Transcript Of Make Vs Buy Question Video

Now the next problem we have on our list is something called the make versus buy problem. Now what your looking at here is trying to decide, given an output level q0 what is the cheapest way of producing that output… what is the cheapest technology… least expensive… least cost way of doing it. Umm… and for example what you are doing here is simply looking at some volume index that you have… two different technologies, and given some volume index there, which of these two technologies c1 or c2 is the cheapest way of handling it? All there is to it is trying to find the cheap way. Now this could be things like trying to decide whether you should hire a janitor or a janitorial service, whether you should make the lenses that go on the back of the car yourself or should you could have a subcontractor to do it? Its all just the various choice of technologies.

Now the simplest example I have for this one is dealing with Tri-met. Now I take the train, I actually in real life have an annual pass because that’s cheapest for me, but for the most part people don’t have those choices. They usually have only two. Technology number one which is going to be a monthly pass and technology number two is going to be getting the tickets from out of the machine. I’m not exactly sure what the monthly/annual passes costs nowadays, but we’ll do something simple like say… this is say 66 dollars per month and we’ll say that the individual tickets… again I haven’t looked it a while… like a \$1.05 per ticket that’s out there. These are very very outdated. I think it’s a lot more expensive than this. Anyway, please note that this monthly cost that we have up here is all fixed costs there’s no variable component… and the tickets right here are all variable costs and there’s no fixed component. So if I ask you what the fixed cost is here you say \$60, if I ask you what the average variable cost is you say \$0.
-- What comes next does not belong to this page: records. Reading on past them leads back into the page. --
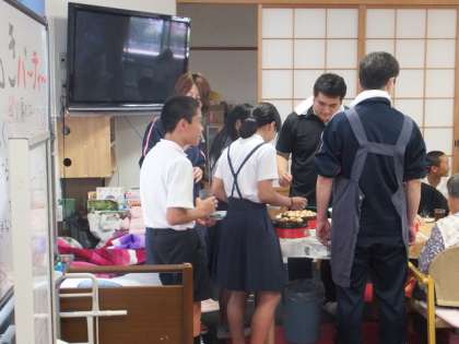 そして、お年寄りの方との交流では、一緒にたこ焼きを焼いて食べました。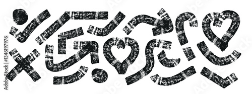 © Rovara Avora, Obraz premium Doodle abstract arrow, circle, texture brush color set. Hand drawn sketch crayon scribble brush geometric shape color chalk effect background. Abstract vector illustration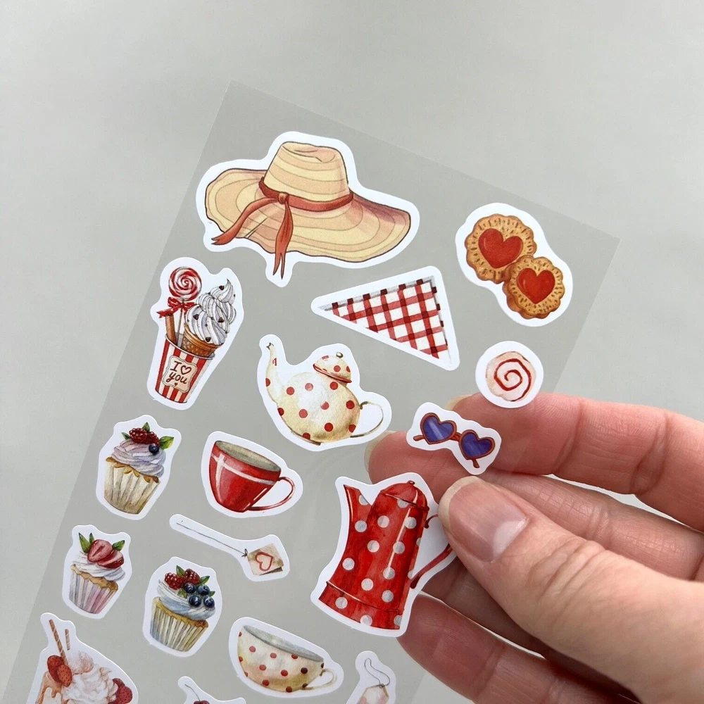 4 sheets. Red hued love, heart, desserts. Romantic Valentine's picnic perhaps? I have more stickers, washi tape and paper for sale. I do combine shipping. Please put all the items you want to purchase in ONE cart and then pay. I will refund you the difference in shipping after shipping label is printed. Let me know if you have any questions through eBay messaging. Thank you for stopping by!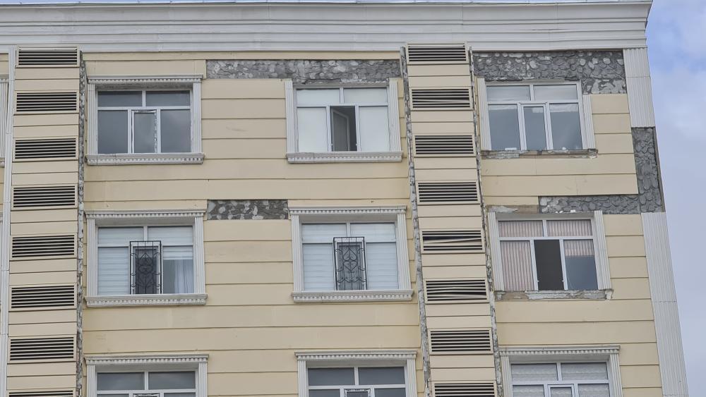 произошла в другом жилом доме Актау. Позже жители сообщили о том, что обшивка там упала во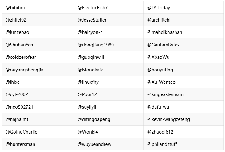 致谢贡献者

On this one, if I ask you what the fixed cost is you say 0\$, if I ask you for the average variable cost you say a \$1.05… it’s as simple as that. Now what we’re trying to do is choose a technology given that we know what volume we’re going to use. So what I end up doing is saying well look… I probably use the MAX about four times a month, something along those lines. And so what I get to do then is take a look at how these two cost functions are evaluated… at volume of forty in each case. So there’s cost function one, there’s cost function two. Cost function one evaluated at volume of forty is just the 60 dollars. Cost function two evaluated at ah… forty should be… \$1.65. What does this go ahead and give you? Ew…. didn’t do the math on it as fast as I thought I did so give me just a sec, I know that you guys have to do this… for me usually… \$1.65… 66 bucks. So effectively what you are doing with make versus buy is keeping the cheaper item, and so what you are doing is saying… uhh, this one’s cheaper.
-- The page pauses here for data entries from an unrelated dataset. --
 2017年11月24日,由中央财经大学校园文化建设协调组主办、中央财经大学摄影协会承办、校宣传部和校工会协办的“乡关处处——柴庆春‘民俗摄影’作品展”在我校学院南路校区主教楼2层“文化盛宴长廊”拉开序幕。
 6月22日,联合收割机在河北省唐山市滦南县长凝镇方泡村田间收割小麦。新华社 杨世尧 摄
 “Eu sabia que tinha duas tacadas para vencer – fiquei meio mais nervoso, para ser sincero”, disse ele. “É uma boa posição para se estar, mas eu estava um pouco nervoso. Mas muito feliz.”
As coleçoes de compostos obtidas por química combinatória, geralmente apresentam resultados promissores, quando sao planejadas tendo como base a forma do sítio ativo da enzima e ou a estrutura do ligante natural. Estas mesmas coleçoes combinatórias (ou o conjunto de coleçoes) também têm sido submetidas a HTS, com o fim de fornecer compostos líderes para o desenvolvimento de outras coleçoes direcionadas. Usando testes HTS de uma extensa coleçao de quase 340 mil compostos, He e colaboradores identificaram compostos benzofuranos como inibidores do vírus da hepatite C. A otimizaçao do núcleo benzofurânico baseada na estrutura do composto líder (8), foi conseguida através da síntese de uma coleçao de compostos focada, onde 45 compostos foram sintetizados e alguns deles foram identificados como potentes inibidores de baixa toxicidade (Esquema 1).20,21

Now most the time we don’t actually use the make versus buy decision like that, uh most the time what we’re trying to do is find out where we start changing what particular technology we’re going to use because we’re afraid we’re near it. Um, this forty is not a whole lot of trips… uh you got to remember that it could be something along the lines of “I know that there’s going to be a lot of events during the month that I will want to come downtown or there’s a lot of time where I come down on the weekend for whatever reason,” we’ll start cracking that up. In real life, I have a significant amount of uncertainty about this particular number that’s sitting around right here.